The position of Kuwait's oil minister has seen frequent reshuffles amid various cabinet resignations over the past few years.
Fares, who had no prior energy experience, led the ministry through the oil market's recovery during the pandemic, amid an alarming drop in the country's crude production capacity.
State-owned Kuwait Oil Co. said in its latest annual report released October that its maximum sustainable production capacity had fallen to 2.58 million b/d as of March 31, down 572,000 b/d from 2018.
Fares had responded by saying Kuwait was targeting a 2025 capacity of 3.5 million b/d, rising up to 4 million b/d by 2035 -- a significant downgrade from the 2018 plan to have 4 million b/d by 2020 and 4.75 million b/d by 2040.
Analysts have cast doubt on the latest production targets, citing political instability and frequent turnovers at the oil ministry and state-owned oil companies.
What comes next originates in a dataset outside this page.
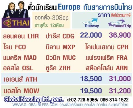 ตั๋วเครื่องบินสำหรับนักเรียน ไปยุโรปกับการบินไทย สนใจติดต่อได้ที่ หจก.โกลเบิลเบลสซิ่ง 02-7285966 / 086-3141522

S&P Global Platts estimated Kuwait produced 2.53 million b/d in November, in line with its quota under the OPEC+ supply accord.
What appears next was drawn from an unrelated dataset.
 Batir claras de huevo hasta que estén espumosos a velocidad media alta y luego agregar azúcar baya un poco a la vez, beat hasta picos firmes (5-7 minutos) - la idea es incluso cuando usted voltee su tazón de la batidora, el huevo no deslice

Kuwait and neighboring Saudi Arabia are working to increase crude oil production at the Neutral Zone fields that could be a key source of additional barrels, as OPEC+ spare capacity is expected to tighten significantly in 2022.
"Coordination is currently underway between companies operating in the divided area and the submerged area adjacent to it," the two countries said Dec. 10 in a joint statement, as Saudi Crown Prince Mohammed bin Salman capped off a tour of Gulf Cooperation Council countries with a visit to Kuwait.
Crude production in the Neutral Zone's onshore Wafra and offshore Khafji fields has suffered from technical challenges stemming from their lengthy closure, sources have told Platts, with output ranging from below 200,000 b/d in some months to as high as 270,000 b/d. The fields typically produced a combined 500,000 b/d prior to their shutdown in the mid-2010s.
The Neutral Zone may be counted on for incremental supply, as the OPEC+ alliance intends to phase out production cuts by late 2022 and global oil demand recovers from the pandemic. Platts Analytics forecasts that output will be capped at 250,000 b/d through 2022 due to the operational setbacks.
Crude exports from the Neutral Zone in 2021 have ranged from a low of 158,000 b/d in August to a high of 257,000 b/d in November, according to Kpler shipping data.
The outflows have been to India, China, South Korea, and the US, with Japan and Thailand also taking some cargoes in recent months, the Kpler data showed.
The Neutral Zone fields, which lie in an onshore and offshore territory shared by Saudi Arabia and Kuwait at their border, were offline for more than four years until 2020, due to a political dispute that was resolved with a signing of an agreement in December 2019.
Production in the zone is divided evenly between the two countries.
The offshore Khafji is operated by Saudi Arabia's Aramco Gulf Operations Co. and Kuwait Gulf Oil Co., while the onshore Wafra is operated by KGOC and Saudi Arabian Chevron.